Whatever it was, rooting hard for this group is now coming naturally. They were gutless, then showed nothing but guts in that second half against the Hoosiers a week ago, winning in the trenches with defense and toughness. Fans reacted accordingly, acknowledging that while this IU team may not be a world-beater, giving a damn goes a long way. You can steal our hearts with a few dives for loose balls, defensive stops and second-chance scores. That continued into an emotionally charged battle between student and teacher, Pope taking on his former head coach under the bright lights in Catlanta. The offense was a disaster — especially when Lowe reinjured his shoulder after seven seconds on the floor — but hey, they fought and the C-A-T-S chants and Go Big Blues kept coming.
Then when the breakthrough came in the second half of both games, BBN was there to push these Wildcats across the finish line. Lowe fought through the pain like a warrior and put the team on his back while Quaintance had the debut of a lifetime, plus big days for Otega Oweh, Kam Williams and Malachi Moreno, leading to the 78-66 victory to move to 8-4 on the year with two straight wins against teams with a pulse.

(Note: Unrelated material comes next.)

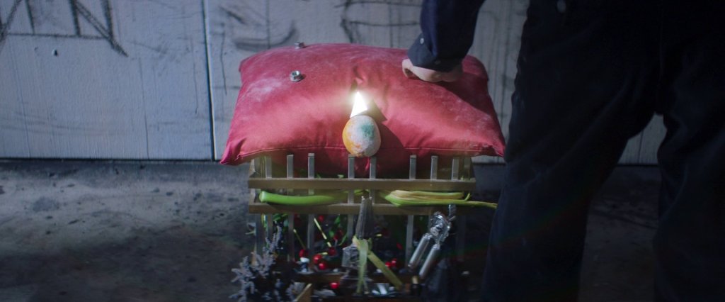 Eines Tages entdeckt Nemo eine Geheimtür im Kleiderschrank, die über einen grün beleuchteten engen Gang in einen Raum führt. Eine Gruft, in der die lebensgroße, täuschend echt aussehende Nachbildung des Kunstsammlers aufgebahrt liegt. Ein makaberes Memento Mori der Vergänglichkeit.

You still have to take care of business vs. Bellarmine on Tuesday, but what Kentucky did was allow a hard reset going into the holidays and the start of SEC play. This stretch has given this group the benefit of the doubt. Was it the injuries or effort? Doesn’t matter, because at full strength, the fight was right where it needed to be. The on-court talent has improved, but so has the edge they’re playing with. They can now take the next two weeks and tinker with the offense while building upon their tangible defensive growth, knowing that it’s all salvageable with a resume slowly but surely coming together. No bad losses and two Quad 1 wins with 11 more opportunities to come during SEC play, plus whatever happens in Nashville? Last year’s group had 10 Q1 victories entering the SEC Tournament and earned a No. 3 seed. This one found itself in a massive hole, but to their credit, the Wildcats are digging their way out with reasons to believe — even if the identity is substantially different than any of us expected going into the year.

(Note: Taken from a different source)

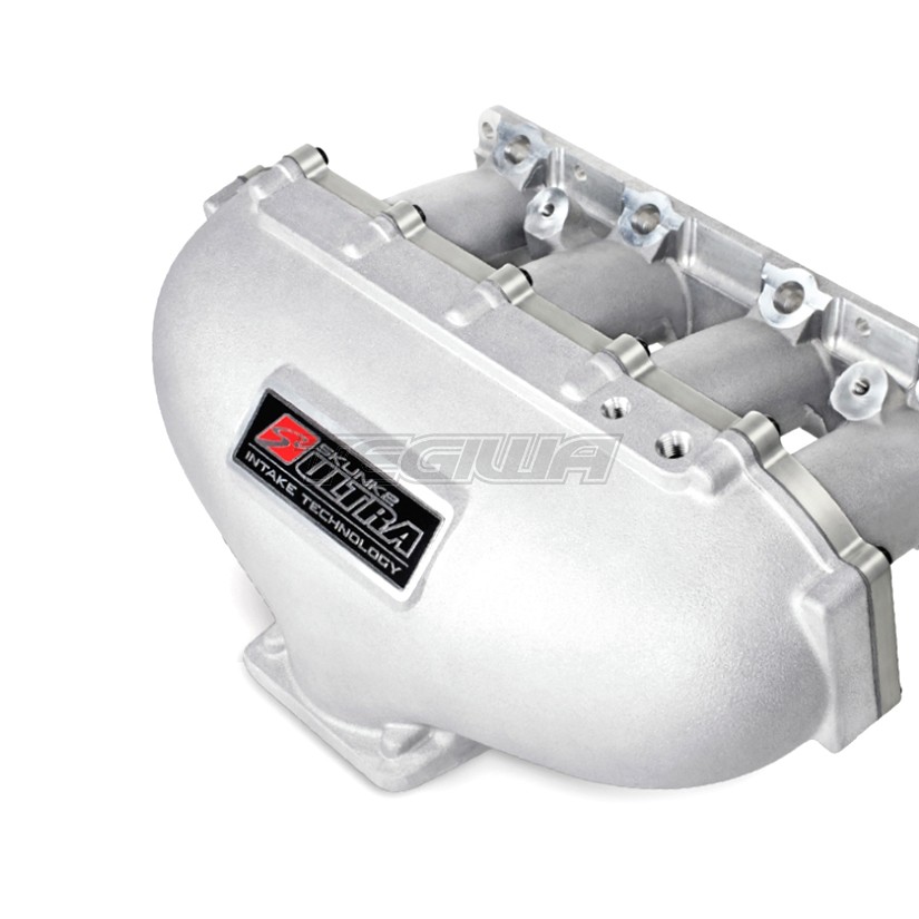 Skunk2 Ultra Series Centerfeed Intake Manifolds are available for Honda/Acura B and K-Series engines. Made from high-grade 356 aluminum for a strong and lightweight design, a 90mm throttle body opening with Ford bolt pattern and dual fuel rails for extreme HP needs. Plenum volume increases available with 1L and 2L spacers, modular design for ease of porting and tapped with 1/8” and 1/4” NPT for all accessories. Available as a complete manifold kit or plenum only.

Heartless mercenaries? They’ve certainly shut me up on the first part of that statement these last two outings, showing nothing but heart. As for the second, we should probably remember that no matter the why, mercenaries are still trained professionals hired to kill. They may have been expensive with some egregious early misses on the young season, and it may not be the aesthetically pleasing product we all thought we were signing up for this year, but the trigger is now being pulled with back-to-back hits.
And judging by the jersey pops with Big Blue Nation roaring behind them and bench celebrations for every big play, it certainly looks like they’re starting to enjoy representing the name on the front, too.